[[ Data extracts open ]]

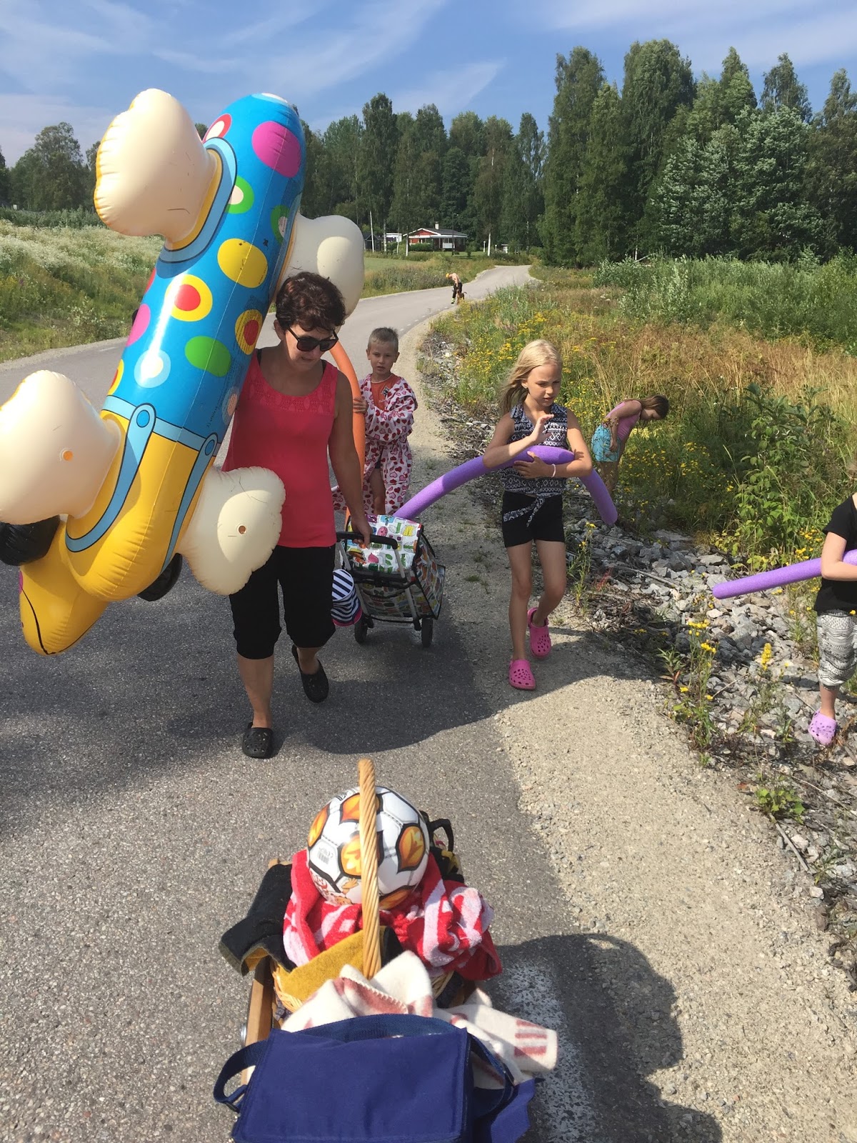 Nu har våra vänner Helena, Tilda och Linnea kommit och hälsat på oss. Vi har jätte mysigt och det blir mycket god mat och dryck och barnen leker jätte bra med varandra. Igår när de kom så gick vi nästan direkt ner till sjön och badade och även idag har vi badat och barnen älskar det verkligen! Men det blir mycket kånkande när de ska ha med alla de uppblåsbara djuren, simkorvar, bollar, fika, handdukar och filtar… tur att vi har nära 🙂
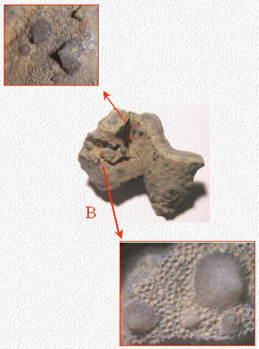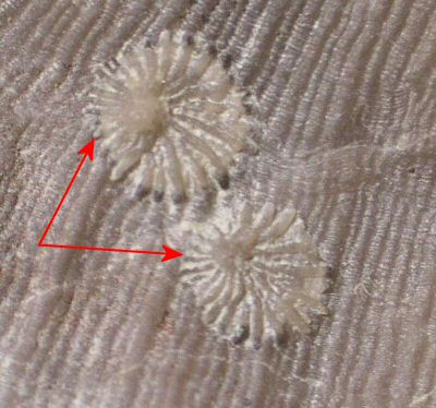This is what I believe may be a second species (pictured below and above). About twenty percent of my specimens have a low conical shell, relative to the height. The ribs are fewer in number and thicker than the common variety. Of special note (see arrows) are the spines at the rear end, which are shorter than the rest and thinner. These characteristics hold regardless of size. I have only found the mystery Philhedra on smooth surfaces, which I presume is because the internal tissue couldn�t function well on rough surfaces due to being flatter than the regular variety. I have only found them at sites in Indiana.
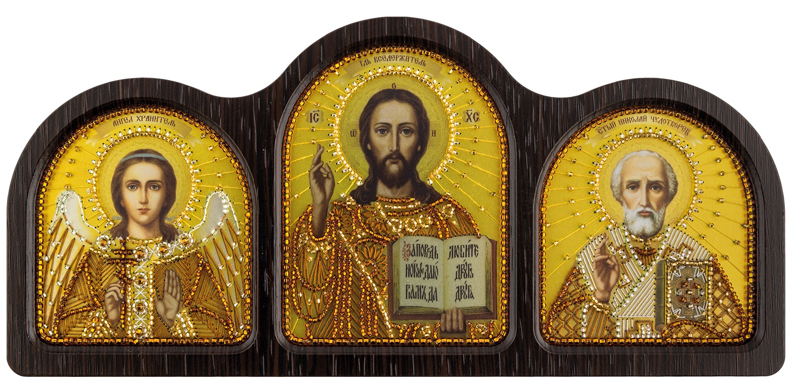 Новая Слобода СЕ6003 Триптих настольный золото (Ангел Хранитель, Спаситель, Николай Чудотворец
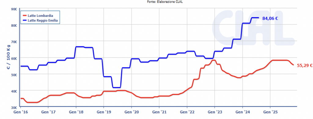 Oggi mentre nell’area Lombarda i “costi di produzione” sono molto vicini alla remunerazione media del latte, nell’area del Parmigiano Reggiano i due valori hanno ricominciato a differenziarsi in modo significativo.
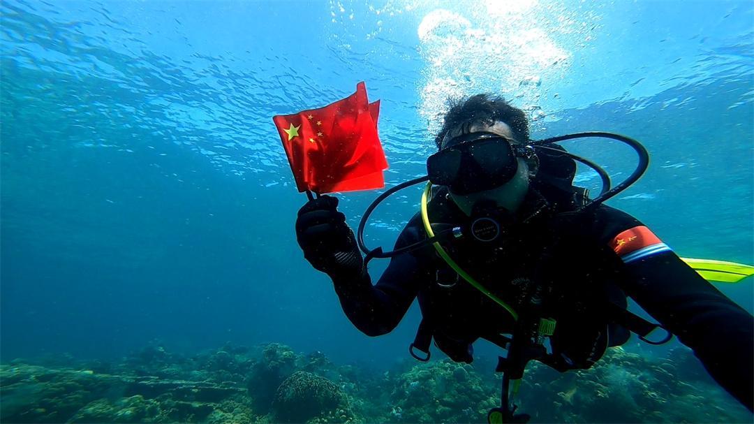 圖為潛水員在水下展示國(guó)旗。
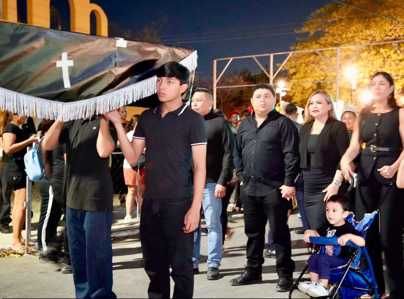 El alcalde Edwin Bojórquez Ramírez y la presidenta del DIF municipal Raquel Balam Rocha encabezaron la ceremonia final, que partió desde el cementerio hasta los bajos del Palacio Municipal, donde el ataúd con el “testamento” del personaje simbólico ardió ante una plaza abarrotada.
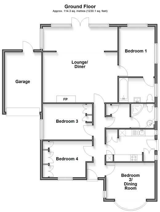 Please refer to the footnote regarding the services and appliances. Room sizes:Entrance HallLounge/Diner: 18'3 x 12'7 (5.57m x 3.84m) plus 18'2 x 6'6 (5.54m x 1.98m)Bedroom 1: 12'0 x 8'9 (3.66m x 2.67m)En-Suite BathroomBedroom 2/Dining Room: 13'3 into bay x 11'3 (4.04m x 3.43m)Bedroom 3: 11'9 x 8'9 (3.58m x 2.67m)Bedroom 4: 10'8 x 8'9 (3.25m x 2.67m)Kitchen: 11'9 x 7'8 (3.58m x 2.34m)Utility RoomShower RoomOff Road ParkingGarageFront & Rear Gardens

[[ Data extracts closed ]]

Your output should be the lines above from the one that contains "圖為潛水員在水下展示國(guó)旗。" through the one that contains "El alcalde Edwin", word for word, with pictures left out.

### [Written answer]
 圖為潛水員在水下展示國(guó)旗。
 El alcalde Edwin Bojórquez Ramírez y la presidenta del DIF municipal Raquel Balam Rocha encabezaron la ceremonia final, que partió desde el cementerio hasta los bajos del Palacio Municipal, donde el ataúd con el “testamento” del personaje simbólico ardió ante una plaza abarrotada.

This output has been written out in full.